Meg Phillips

Personal information
- Full name: Meg Ellen Phillips
- Born: 2 February 1996 (age 30) Sunshine, Victoria, Australia
- Batting: Right-handed
- Bowling: Right-arm medium
- Role: All-rounder

Domestic team information
- 2011/12–2020/21: Tasmania
- 2015: Lancashire
- 2015/16–2019/20: Hobart Hurricanes (squad no. 10)

Career statistics
| Competition | WLA | WT20 |
| Matches | 48 | 61 |
| Runs scored | 630 | 214 |
| Batting average | 14.65 | 7.92 |
| 100s/50s | 0/2 | 0/0 |
| Top score | 68 | 25* |
| Balls bowled | 1,116 | 470 |
| Wickets | 30 | 26 |
| Bowling average | 32.16 | 22.11 |
| 5 wickets in innings | 0 | 0 |
| 10 wickets in match | 0 | 0 |
| Best bowling | 4/16 | 3/16 |
| Catches/stumpings | 12/– | 15/– |
- Source: CricketArchive, 21 March 2021

= Meg Phillips =

Australian cricketer

Meg Ellen Phillips (born 2 February 1996) is an Australian cricketer who played as an all-rounder for Tasmanian Tigers and Hobart Hurricanes. She has also played county cricket for Lancashire, and semi-professional basketball for Launceston Tornadoes.

From Evandale in northern Tasmania, Phillips was educated at Scotch Oakburn College in Launceston. She made her debut for Tasmanian Roar as a 16 year old against the ACT Meteors in 2011. At that time, she was one of the youngest cricketers playing in an Australian senior cricket team.

In January 2012, Phillips captained the Tasmanian team in the Cricket Australia Under-18 Female Championships at Ballarat in Victoria.
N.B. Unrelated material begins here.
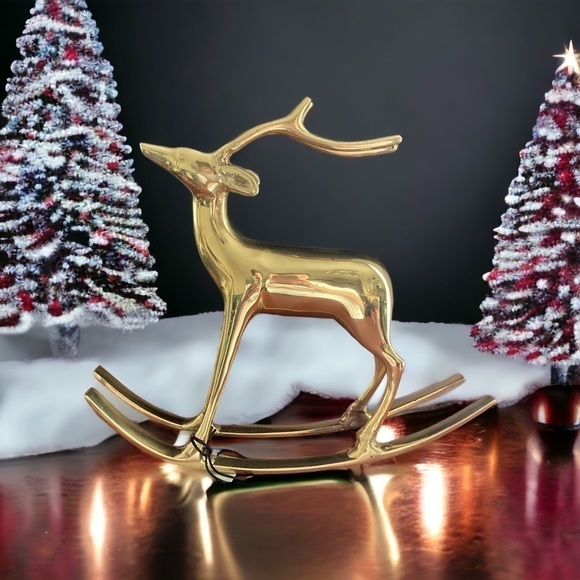 West Elm Brass Holiday Decorative Rocking Reindeer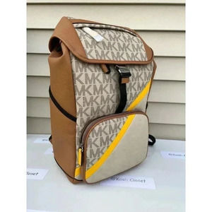 Michael Kors Mens Cooper Backpack Logo Stripe Bag & Wallet Bundle Set Chino

Also in 2012, she was named young female cricketer of the year. In March 2013, she debuted for Scotch Oakburn College's senior firsts cricket team, and was said to be the first female ever to have played in the SATIS (Sports Association of Tasmanian Independent Schools) cricket competition. She again captained the Tasmanian female under-18 team in 2013–14.

During the winter of 2014, Phillips spent two weeks at the National Training Centre in Brisbane. The ensuing 2014–15 season was Phillips' best for the Roar to date, and included a score of 68 off 109 balls, batting at the top of the order against the Meteors.

In February 2015, Phillips was awarded an Adam Gilchrist Scholarship, funded by the Lord's Taverners, to travel overseas for the first time and play county cricket for Lancashire. Soon after arriving in the UK, she became the first female to play in the First Division of the North Manchester Cricket League when she debuted for Tottington St John's in a local derby match against East Lancs Paper Mill. In November 2015, after returning to Australia for the 2015–16 season, she took 4-16 and scored 20 runs in a WNCL match against the Western Fury.

Phillips was signed by the Hurricanes for its inaugural WBBL|01 season (2015–16). She remained in the Hurricanes squad for the WBBL|02 season (2016–17). In November 2018, she was named in the Hobart Hurricanes' squad for the 2018–19 Women's Big Bash League season.

On 11 June 2021, it was confirmed that Phillips had not received a Tasmania contract for the 2021–22 WNCL season.